Patients with BLS1 disease do not have the MHC proteins and therefore nothing is displayed on their cell surface. This means that the immune system cells do not actually recognize anything. Can't tell if there is infection or not. And so these patients constantly suffer from recurrent infections.
And here we come to the question - if the body cells in the patients do not present MHC molecules, why don't the killer cells eliminate all the cells in these patients? Why don't the patients suffer from autoimmune diseases in which the killer cells eliminate the patients' cells?
"In recent years, there have been theories that say that in order for the killer cells to kill, they must go through a process of education in which they essentially receive a "license to kill" and as learned from mice, the MHC molecules are the ones that give the license to kill during the development of the killer cells. As it turns out from the study in this family of patients, the killer cells in these patients do not receive a license to kill because they are not exposed to the MHC molecules during their development and therefore they fail to kill the patients' own cells. This is probably the least bad because although the patients suffer from many infections, on the other hand they are not eliminated by their killer cells.
"We also found the mutation that causes this disease and it may not be so important to us in terms of biological knowledge, but it is important to the family, the eldest daughter got married not long ago and this allows her to do a type of genetic review to check her husband and make sure he is not a carrier of the gene and to enable better family planning .”
The second family is a Palestinian family whose two-year-old daughter is being treated in Israel after her two brothers died at a young age. It turns out that this is a disease that was identified in recent years and is called LAD3, and in which a protein called kindlin is defective which is apparently responsible for activating another protein called integrin. Integrin has different roles in different cells and, among other things, it is involved in the formation of blood clots, it has a role in recruiting the cells of the immune system from the blood to the area of inflammation. And it also has a role in creating the connection between the killing cells and the cell that is about to be eliminated (we talked about them in the first disease). The girl who suffers from a deficiency in the function of the kindlin protein, suffers from many bleedings and infections. Since this is a new disease, it is not clear what exactly is happening there and how the kindlin activates the integrin. We are checking what is happening in the killer cells in terms of this disease and trying to understand what the kkindlin is doing - this research is in collaboration with Weizmann and Imperial College in London."
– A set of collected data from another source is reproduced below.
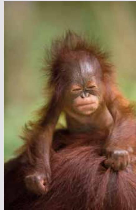
Borneo Baby. Wildlife Photographer of the Year 2009.
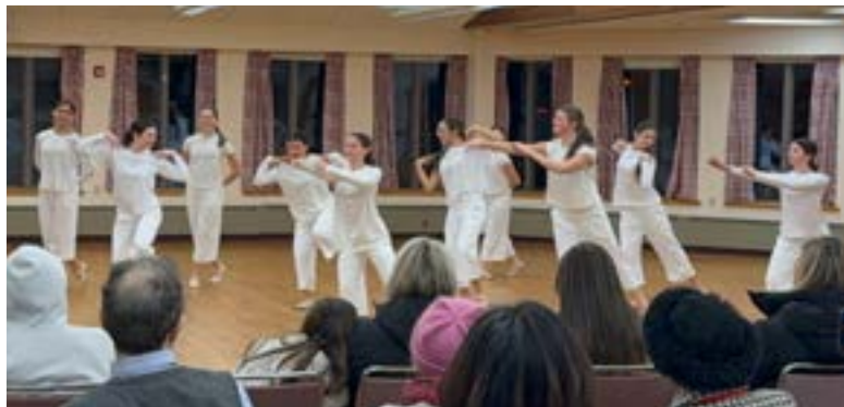
Jenks Center Holiday Performance
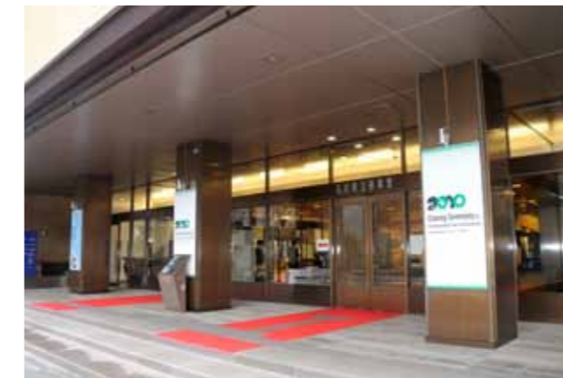
• Ishikawa Ongakudo, Hougaku Hall, the venue of the Closing Ceremony

Date: December 18 (Sat.), 2010, 2:00 p.m. – 6:00 p.m.
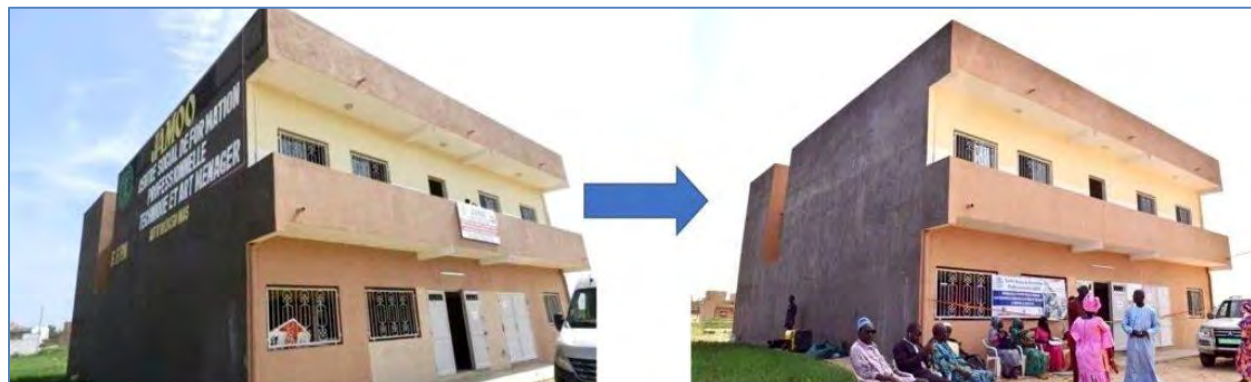
Jamoo2 Vocational School in Senegal, before and after the name and the WFWP logo were removed from the school building.
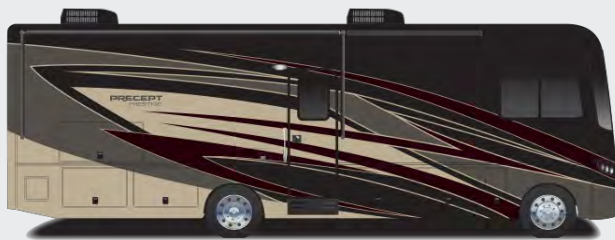
Warbler Full-Body Paint
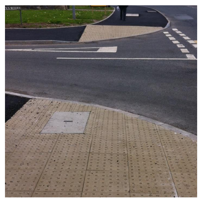
A34 Main Street (Silvan Hill) & Nutfield Road, Lisnaskea: provided shared footway/cycleway
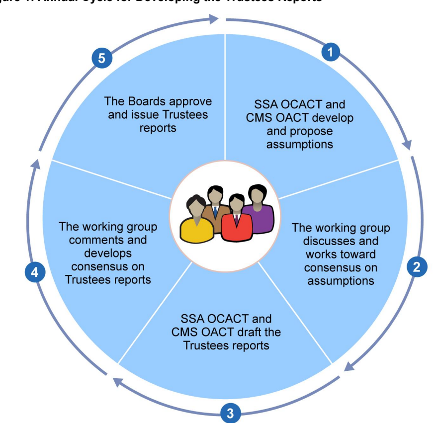
Figure 1: Annual Cycle for Developing the Trustees Reports

the Treasury serves as the Managing Trustee and Chairperson of the boards.<sup>8</sup> Treasury staff has historically coordinated the report development process, including organizing the development schedule and hosting the working group and boards' meetings. The reports are drafted by SSA and CMS.
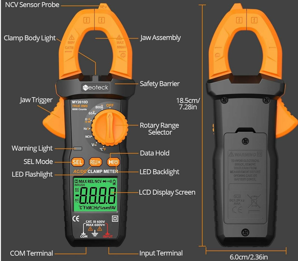
Image: Labeled diagram of the Neoteck Clamp Meter, showing its various components and controls.
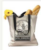
Tote Bag $18 Let us carry that for you... in a tote bag! These canvas bags come with black handles and a black BH house logo.
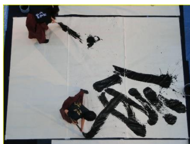
Calligraphy Club in performance
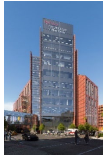
201 Tabor Road
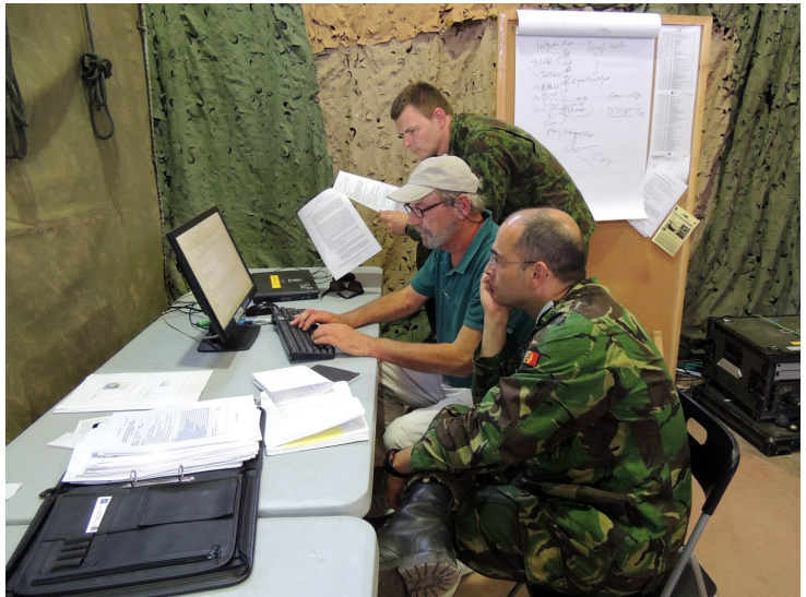
The JALLC analysis team reviews interview notes at the JTF HQ in Minorca during Exercise TRIDENT JAGUAR 14

The Final Report was released in January 2014, along with a set of working-level summary sheets, the latter being intended to support JWC in the further development and refinement of future SKOLKAN materials.
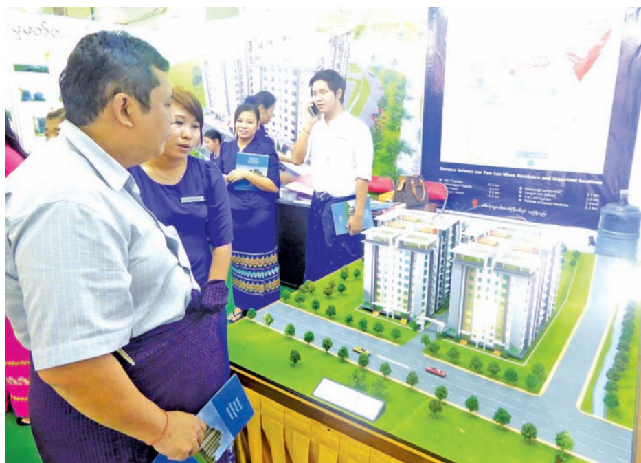
Visitors view scale model of high-rise buildings at Myanmar's biggest property expo.

nies should place emphasis on the safety of construction workers and following international standards
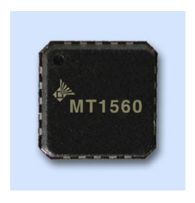
MT1560 Upstream Amplifier

The MT1560 is a 3.3V programmable gain upstream amplifier.
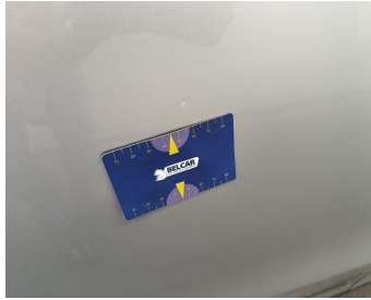
Door Rear Right // Painting-scratch
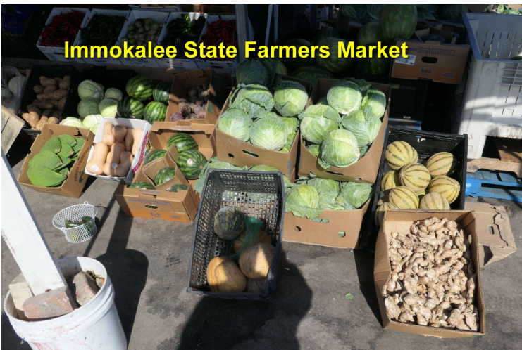
Immokalee State Farmers Market
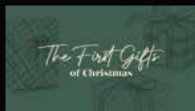
The First Gifts of Christmas
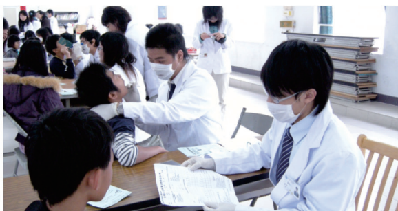
▶ Service of Dental Examination
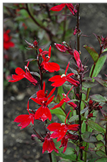
Fan Scarlet Cardinal Flower flowers
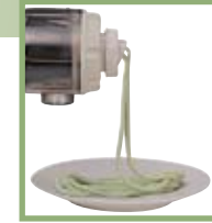
pasta & noodle maker
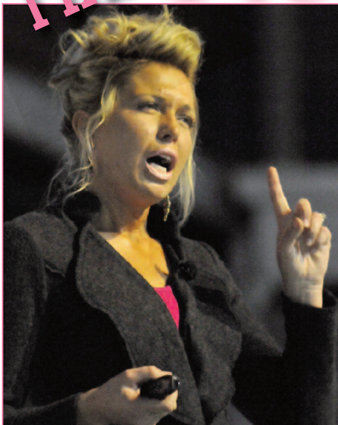
Team Robins gathers for Breast Cancer Awareness Month
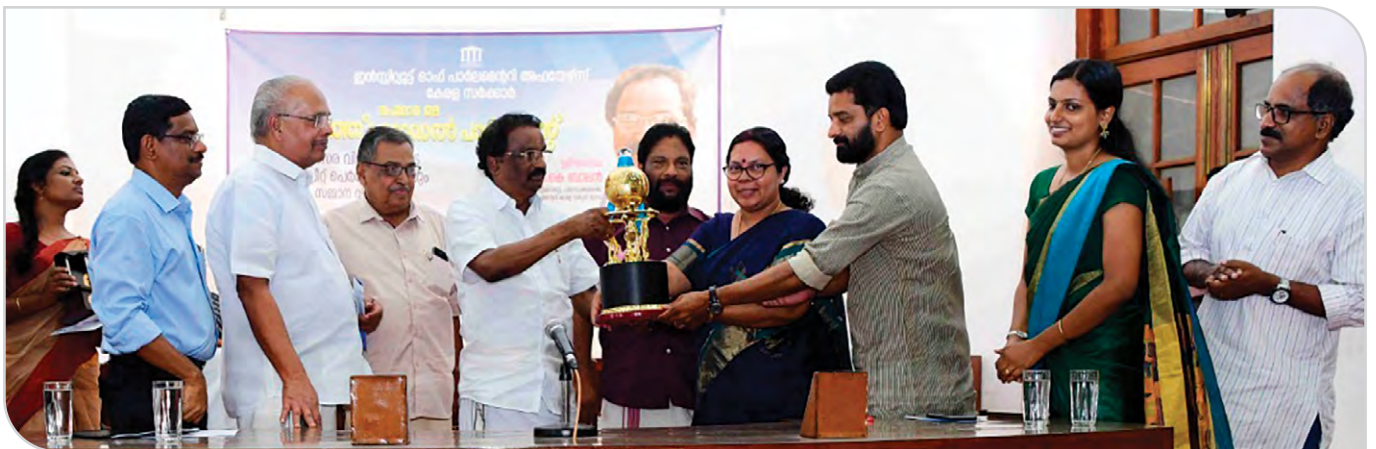
First Prize of Model Parliament Competition to NSS Training College, Ottappalam, Palakkad
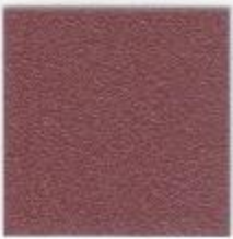
Rouge 2100 Sablé YW371F

The palette of dense and pigmentary tones centers on amber-y caramels, burnt reds and burgundies, chocolate browns and khaki greens, inspired by natural ingredients. Textures are satiny or ultra-glossy, matte or sanded.
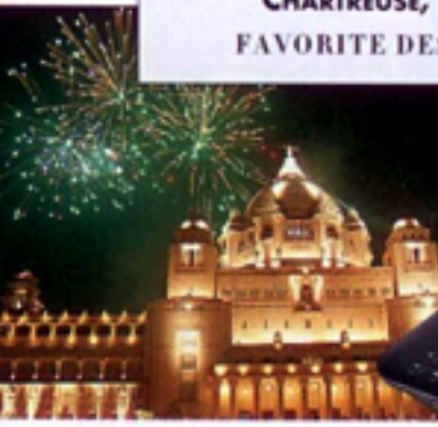
Umaid Bhawan Palace, Jodhpur.
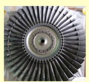
Detonation Spray Coated LPC III modules for Naval Aircraft
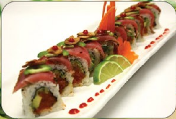
Tuna on Fire Rich taste of pepper tuna and jalapeno (Avocado, in Jalapeno, Spicy tuna)
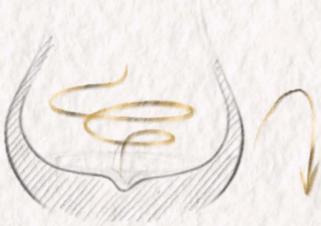
4. The Vortex Point
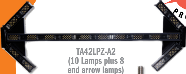
TA42LPZ-A2 (10 Lamps plus 8 end arrow lamps)

In conclusion, Groda-Sussman says that the research begins with a question that appears in the clinic, moves to basic biology and returns to the clinic, where the results are used to develop a treatment or locate the mutation that allows for improved diagnosis and suggested treatments.
She will soon finish her research as part of her doctoral thesis (PHD) in Jerusalem and return to medical studies in Ben Gurion. "I still have a long way to go, because I will have to do an internship and an internship and I hope to integrate the research again in the internship phase. I think the combination is essential and necessary because studying human-related biology without understanding the clinical implications is not good enough. And also for medicine - if you have a more creative way of thinking and you don't take things as a grocery list for granted, everything complements each other very nicely."